Artistic Director John Perrin Flynn told me that, “this play very cleverly captures our ability to love and how it relates to our childhood. How those early experiences inform our behavior and lack of ability for intimacy in our adult relationships. It’s a funny play, yet serious, subject so audiences can have a good time laughing while taking a very thought-provoking journey. This creates a huge expectation for the Director, Larissa Kokernot, and made me curious to find out how she brought it all together. She created a physically focused performance that seems to act as a metaphor for the emotional wounds that we accumulate in our lives. It presents questions but allows the audiences to form their own answers. It’s already on my “playlist…if I can get a ticket!”
I was looking forward to finding out more about this director and her process and felt lucky to catch up with her recently while in rehearsals at Rogue Machine.
Rose: I read that you began your career as an actor, how/when did you make the transition to directing? Are they equal passions in your life?
Larissa: Yes, I started at 10 years old and worked at all the major theaters in the Twin Cities in my youth, so I think my style as a director really grows out of my interest in characters and how they work from an actor’s perspective. It helped to be able to watch many amazing directors close at hand. The shift to directing in part grew out of my interest in new work while studying at Brown University during Paula Vogel’s tenure there. I was in the New Plays Festival the first couple of years, but became more interested in stepping outside of the story of a single character and looking at the bigger picture. Senior year, interviewed to direct one of the New Plays, and I was hooked. When I returned to Minneapolis, I spent 6 years as Artistic Associate with Eye of the Storm Theatre, where I would direct each season. I really haven’t acted professionally for over 10 years. But in general I feel like directing is a better fit for me, a better match for my particular set of skills. Perhaps I’ll return to acting when my kids are grown up? There is something really satisfying about living in the skin of another person and there is absolutely nothing like the relationship with a live audience that you get as an actor.
Rose: What drew you to this play, and how did your relationship begin with Rogue Machine.
Larissa: I first heard about this play from Brad Fleisher who’s playing Doug at Rogue Machine, and who originated the role at the Alley Theatre in Dallas. It definitely took hold of me. You follow Doug and Kayleen’s relationship from age 8 to age 38 by jumping forward 15 years and back 10 years. This seemed inherently theatrical, and works so beautifully in the storytelling. It feels like magic in a way, to watch two actors take you on that kind of journey. The audience gets the resonance of powerful moments in the relationship between these two people, not because we’ve been building towards them but because we’ve gotten insights into who they’ve become before we’ve seen why. The other thing I absolutely love about this play is that Rajiv Joseph dictates in his stage directions, that all the transformation between scenes are to be done by the actors in full view of the audience. This means that the transitions become a critical part of the storytelling and thus become a super textural layer in the relationship between both the actors who are playing Doug and Kayleen…and the characters themselves.

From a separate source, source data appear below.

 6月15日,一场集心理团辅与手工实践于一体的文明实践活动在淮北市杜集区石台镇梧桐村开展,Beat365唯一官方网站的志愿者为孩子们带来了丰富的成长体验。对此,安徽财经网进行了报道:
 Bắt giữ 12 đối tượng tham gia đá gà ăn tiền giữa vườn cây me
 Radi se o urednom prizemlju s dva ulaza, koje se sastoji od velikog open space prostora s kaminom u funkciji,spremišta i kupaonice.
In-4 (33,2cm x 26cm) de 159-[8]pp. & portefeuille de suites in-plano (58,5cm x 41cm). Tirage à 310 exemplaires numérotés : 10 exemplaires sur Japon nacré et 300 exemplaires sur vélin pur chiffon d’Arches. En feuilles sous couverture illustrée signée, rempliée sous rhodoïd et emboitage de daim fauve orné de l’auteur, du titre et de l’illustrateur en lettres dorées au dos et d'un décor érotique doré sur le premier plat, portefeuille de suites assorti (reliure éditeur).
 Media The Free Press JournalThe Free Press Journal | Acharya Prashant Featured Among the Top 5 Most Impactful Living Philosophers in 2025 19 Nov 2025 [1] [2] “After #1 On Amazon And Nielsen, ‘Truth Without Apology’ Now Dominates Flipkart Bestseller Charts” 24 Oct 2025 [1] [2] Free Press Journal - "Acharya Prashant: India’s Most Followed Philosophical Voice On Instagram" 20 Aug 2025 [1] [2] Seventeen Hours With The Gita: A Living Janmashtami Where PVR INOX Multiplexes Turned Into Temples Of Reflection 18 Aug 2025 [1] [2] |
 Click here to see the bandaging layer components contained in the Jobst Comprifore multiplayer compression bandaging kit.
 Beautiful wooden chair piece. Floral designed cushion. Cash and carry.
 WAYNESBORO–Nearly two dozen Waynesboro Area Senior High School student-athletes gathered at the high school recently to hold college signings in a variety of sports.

I have been following Rogue Machine for five or six years. I can always look to Rogue Machine to choose amazing plays and to bring them to life with an extraordinary group of artists.
Rose: When starting work on a play, do you have a ritual, or checklist, that helps you to prepare as a director?
Larissa: When I’m first preparing to direct a play, I try to read it every day. It’s funny, and a bit strange, but I like to do this at the gym when on the elliptical machine – something about the connection between mind and body allows a deeper reading experience for me. I guess it’s a form of meditation. I have really found that the deeper I know a play, the less I have to work in terms of finding answers to questions of design or leading actors in their process of unearthing character; the play talks to me rather than me dictating to the play what it is.
Rose: Jumping back and forth in time in this piece must be a challenge? How do you handle the transitions?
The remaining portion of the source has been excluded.